Instructions to follow
Begin at the top of the records below and return each line exactly through the line with "褐鹈鹕:是鹈鹕家族中体型最小". Skip pictures.

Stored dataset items
+++++

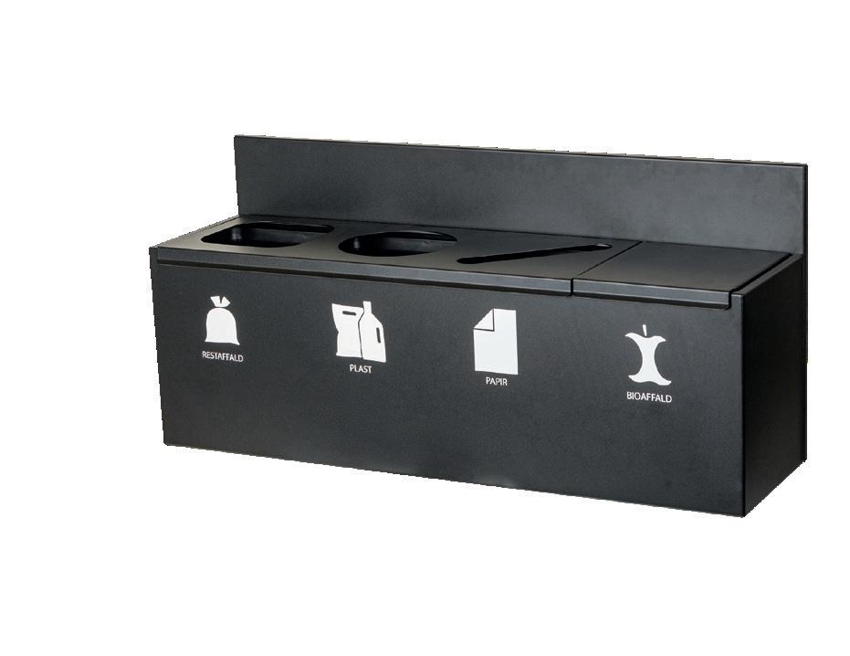 Affaldsbeholder 60 l affaldsbeholder, 4 rum. Mål: 30 x 120 x 80 cm Varenr: 11000504 Cover til 60 l Kvadratisk cover til PURE Affaldssystem. Varenr: 11000505 Cover til 100 l Kvadratisk cover til PURE Affaldssystem. Varenr: 11000508
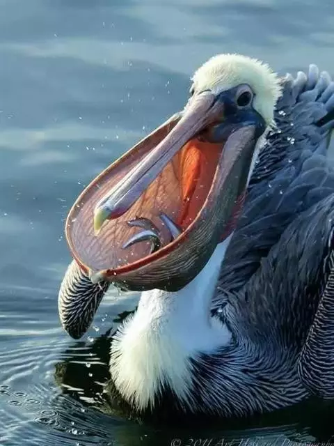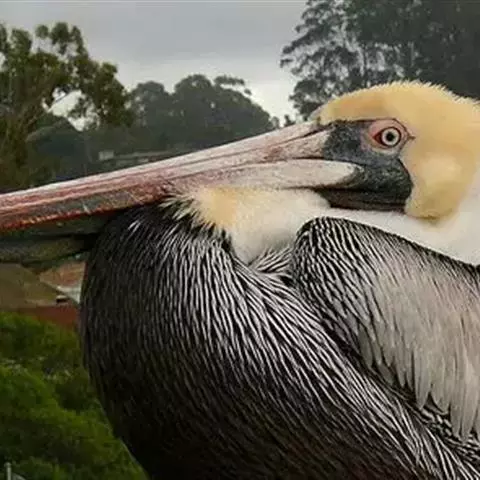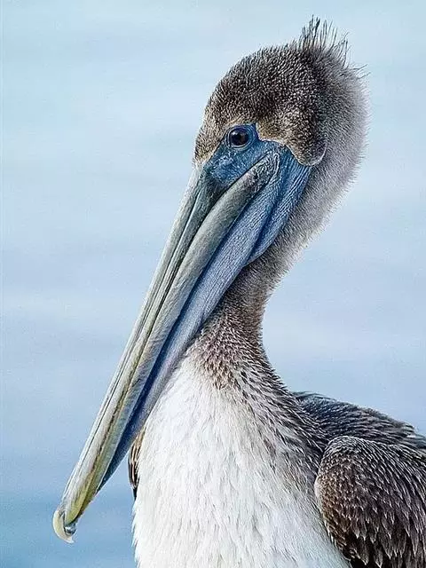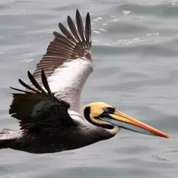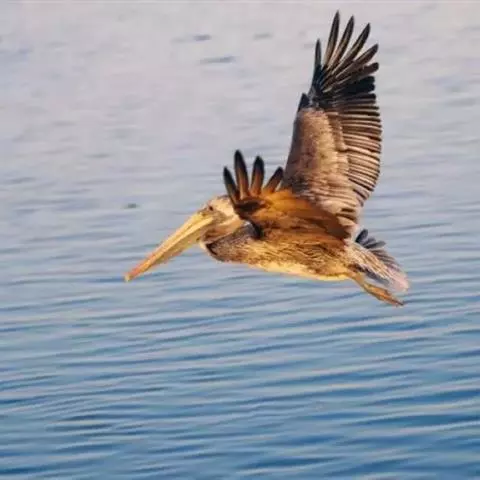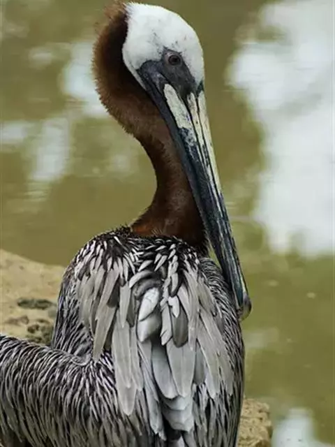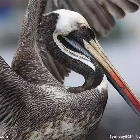 褐鹈鹕:是鹈鹕家族中体型最小的成员。体型粗大,体重6.5-9千克。嘴形宽大直长,上嘴尖端朝下弯曲,…
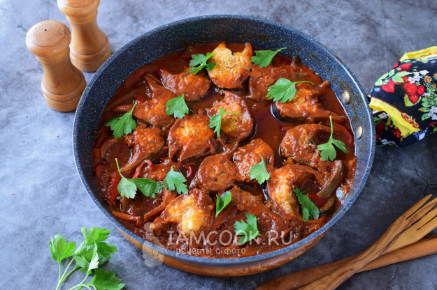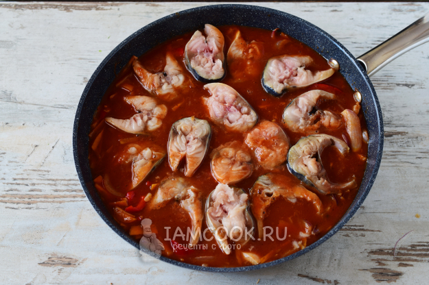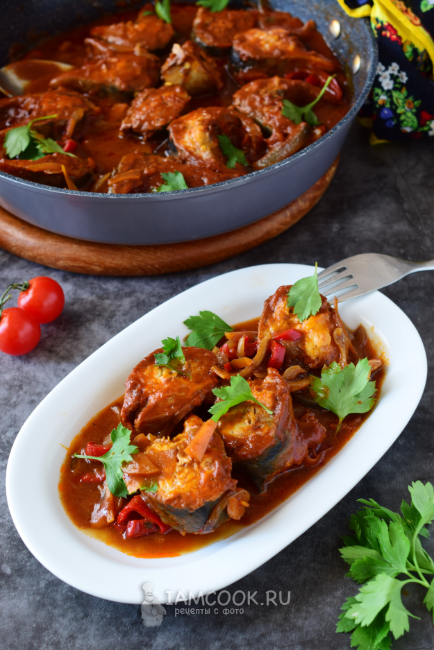 Раскладываем кусочки скумбрии равномерно по поверхности овощей и как бы "утапливаем" их в соус. Готовим скумбрию в томате с овощами на медленном огне еще 7-10 минут, накрыв сковороду крышкой.
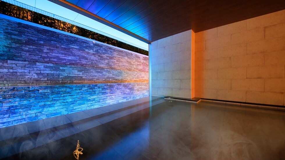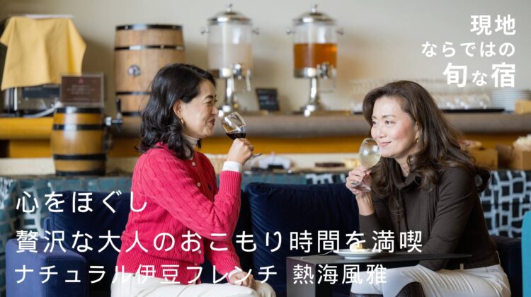 熱海駅から車で10分ほどの高台にある「ナチュラル伊豆フレンチ 熱海風雅」。新館の3階・4階からは熱海の海と街並みが一望でき、滞在を贅沢なものにしてくれます。広い屋上テラスには個室のブースがあり事前予約して利用するスタイル。絶景をゆっくりと独り占めできます。チェックイン・チェックアウト、食事時間の予約やドリンクオーダー、帰りの専用車での見送り予約まで、モバイル端末や自分のスマホから操作が可能。フロントが混雑することはほとんどなく、快適さを実現しています。ゲストに人気なのは、15時~17時にロビーで振舞われるウェルカムドリンク&フード。スパークリングワインや季節のドリンク、コーヒーに加え、チョコや焼き菓子が自由に楽しめます。こだわりのBoConceptのソファに身をゆだね、快適なひと時を過ごしましょう。女性専用岩盤浴や男性専用ドライサウナがあって、おこもり時間を格上げ。滝から流れる水音が心地よい温泉の大浴場も自慢です。
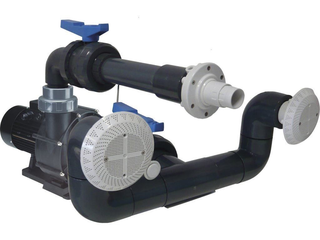 Čerpadlo by mělo být instalováno co nejblíže k bazénu, aby se dosáhlo maximálního výkonu a omezily ztráty způsobené třením. Původní průměry příslušenství z PVC, které jsou dodávány se zařízením, by měly vždy být dodrženy. Nedoporučujeme umisťovat čerpadlo dále než 15 m od bazénu. Čerpadla série NEW BCC, která jsou součástí zařízení Compass Jet, nejsou samonasávací, proto je nutné je namontovat pod úroveň hladiny. Hotová strojovna pro zařízení musí být dostatečně větraná, pokud je třeba i ventilátorem. Je nutné tak čerpadlo ochlazovat a zabránit srážení (kondenzaci) vodních par. Zajistíte tak správný provoz zařízení.
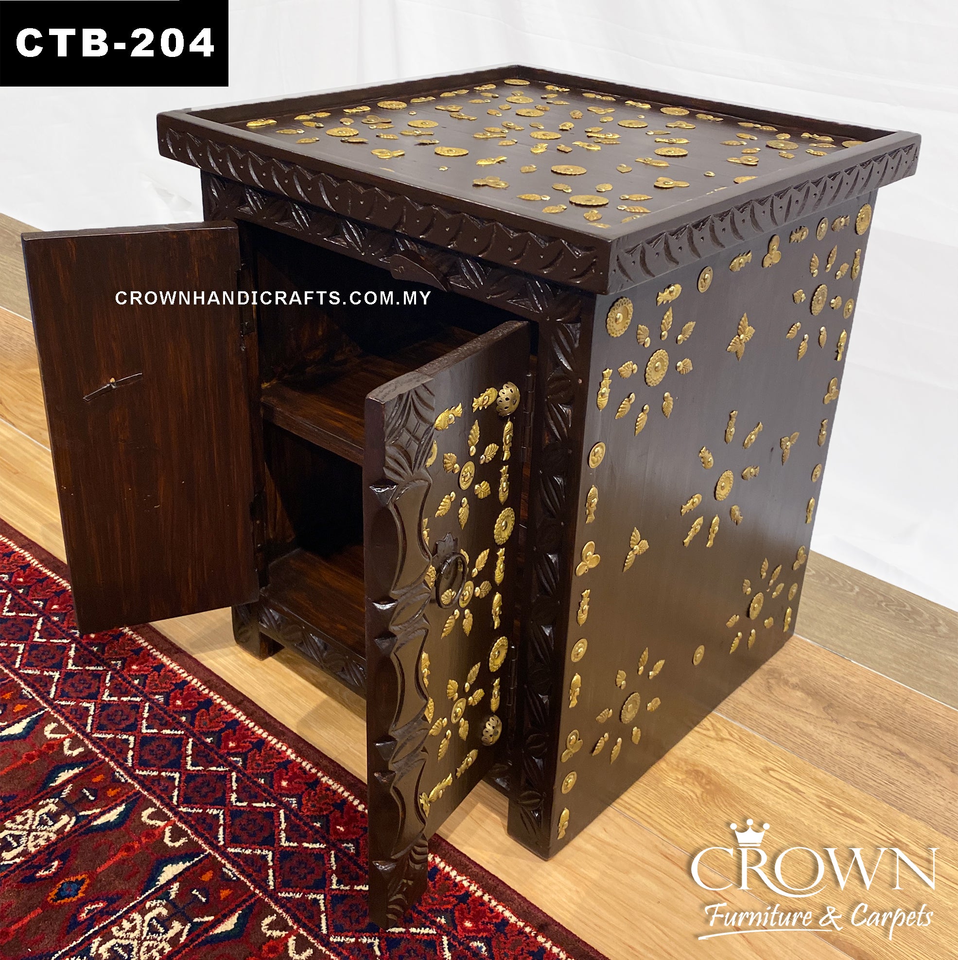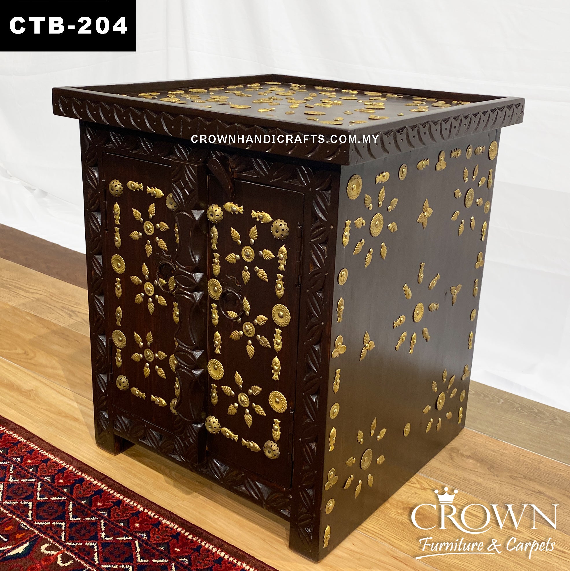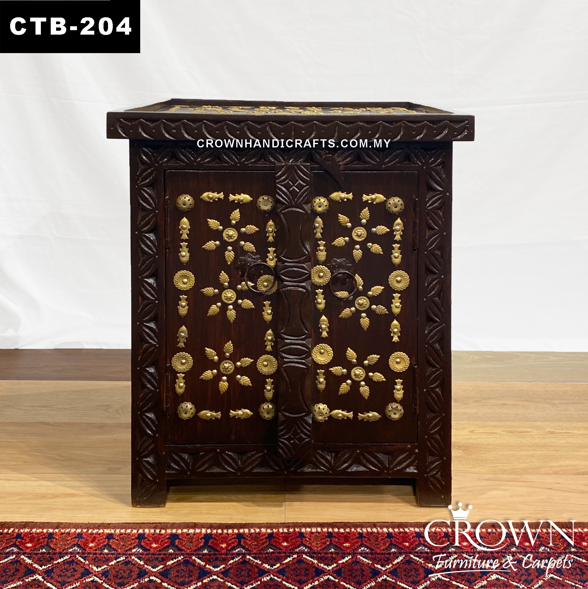 This side table is designed to impress with its exquisite brass accents that enhance the piece's beauty and charm. The table features two doors with a wooden latch for convenient storage, making it a perfect blend of practicality and elegance. Crafted from solid wood, it offers durability and a rich, timeless appeal. Ideal for creating a stunning focal point in your room, this table is not just functional but also a statement piece that adds character and style to your home.
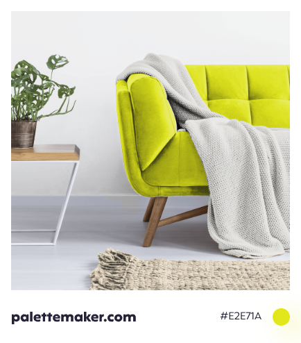 To create a modern color palette, use a light neutral as a base with chartreuse as a secondary or an accent color. Instead of neutrals, you can base the palette on a dark blue color such as navy blue. If decided to use chartreuse as a base color anyway, you can use deep reds, and browns as accents. Chartreuse can be used alongside shades of green and shades of yellow for an interesting analogous color palette that fits to be used in graphic design rather than interior design.

+++++

Result
 Affaldsbeholder 60 l affaldsbeholder, 4 rum. Mål: 30 x 120 x 80 cm Varenr: 11000504 Cover til 60 l Kvadratisk cover til PURE Affaldssystem. Varenr: 11000505 Cover til 100 l Kvadratisk cover til PURE Affaldssystem. Varenr: 11000508
 褐鹈鹕:是鹈鹕家族中体型最小的成员。体型粗大,体重6.5-9千克。嘴形宽大直长,上嘴尖端朝下弯曲,…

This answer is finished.